Le chiffre d'affaires de la MACSF a baissé de 10 % en un an, mais les prestations demeurent inchangées à ce jour. «Chaque médecin, qu'il soit arrivé à la MACSF en 1968, en 1998 ou en 2008, continue de recevoir son argent à taux compétitif», assure le directeur financier. Le rendement de l'épargne retraite était de + 4,65 % net en 2007 ; il devrait être stable en 2008. «Les médecins ne se précipitent pas pour retirer leurs fonds, c'est la preuve qu'ils nous font confiance», commente Hervé Bouclier.
Les praticiens qui ont placé leurs billes à la CARMF (Caisse autonome de retraite des médecins de France) pour leur retraite complémentaire ont également besoin d'être rassurés. «Comme une partie de cet argent est placée en Bourse, raconte un spécialiste, j'ai entendu dire que la CARMF fait le dos rond en ce moment car ses réserves pour le financement de nos retraites sont entamées.» Les réserves totales se montent à 4 milliards d'euros.
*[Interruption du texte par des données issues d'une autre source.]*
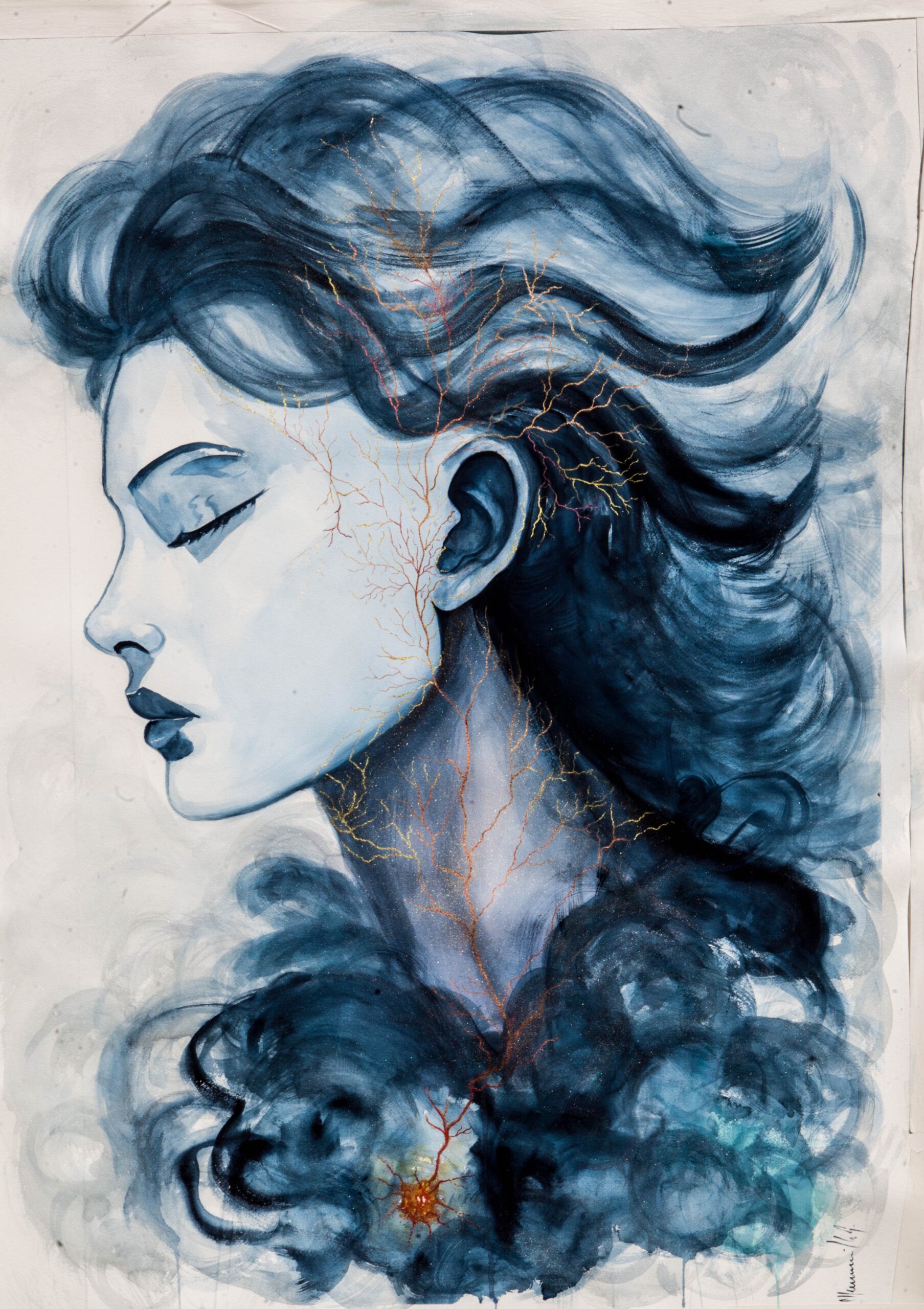 5. Your work often connects watercolour with ideas from neuropsychology. How do those two fields meet in your creative process?
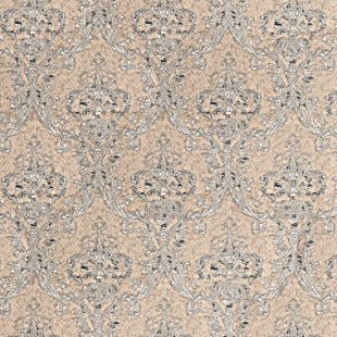 Its earthy-toned base pairs beautifully with a damask design offered in a rich palette of gray, brown, gold, and blue, creating a sophisticated and versatile look.

Le Dr Jean Chaccour, responsable des placements financiers à la CARMF, calme le jeu. «La crise touche la CARMF indirectement car nos actions ont été touchées de plein fouet, mais nous avons un matelas de sécurité obligataire. Et il faut savoir que seulement 20% des dépôts des médecins ont été placés en Bourse et en obligations. Le reste des placements est sécurisé.» Quid de l'avenir ? «Dans l'immédiat, toutes les retraites sont payées, affirme le Dr Chaccour. La CARMF ne panique pas et ne vend pas ses actions. Cela dit, quand la crise sera passée, la CARMF reverra sa stratégie. Sans doute va-t-elle réduire ses placements en Bourse pour éviter de tels aléas dans huit à dix ans, lorsqu'un maximum de médecins partira à la retraite.»
La récession prive la Sécu d'une part de ses recettes
Le ralentissement de la croissance économique – et a fortiori la récession annoncée par l'INSEE pendant au moins deux trimestres consécutifs de 2008 – compresse à la fois l'emploi et les recettes de la Sécurité sociale. En effet, ces dernières proviennent largement des cotisations et de la contribution sociale généralisée (CSG) qui reposent sur la masse salariale.
Le 26 septembre, le ministre du Budget et des Comptes publics, Éric Woerth, a indiqué que le ralentissement de la croissance de la masse salariale induisait mécaniquement un manque à gagner pour la Sécurité sociale de «600millions d'euros dès 2008». Dans son dernier rapport publié le 29 septembre, la commission des comptes de la Sécurité sociale (CCSS) calcule que 1 point de croissance en moins sur un an a un impact de 1,93 milliard d'euros sur le solde du régime général (toutes branches confondues). Toujours selon les simulations de la CCSS, la perte de chaque point de croissance plombe le déficit de la branche de l'assurance-maladie de 890 millions d'euros supplémentaires. Or les prévisions du taux de croissance du produit intérieur brut (PIB) pour l'ensemble de l'année 2008, estimées l'an passé entre 2 et 2,5 % par le gouvernement, sont maintenant revues à 1%, voire un peu en deça par l'INSEE. Et l'année 2009 ne promet pas mieux... > A. B.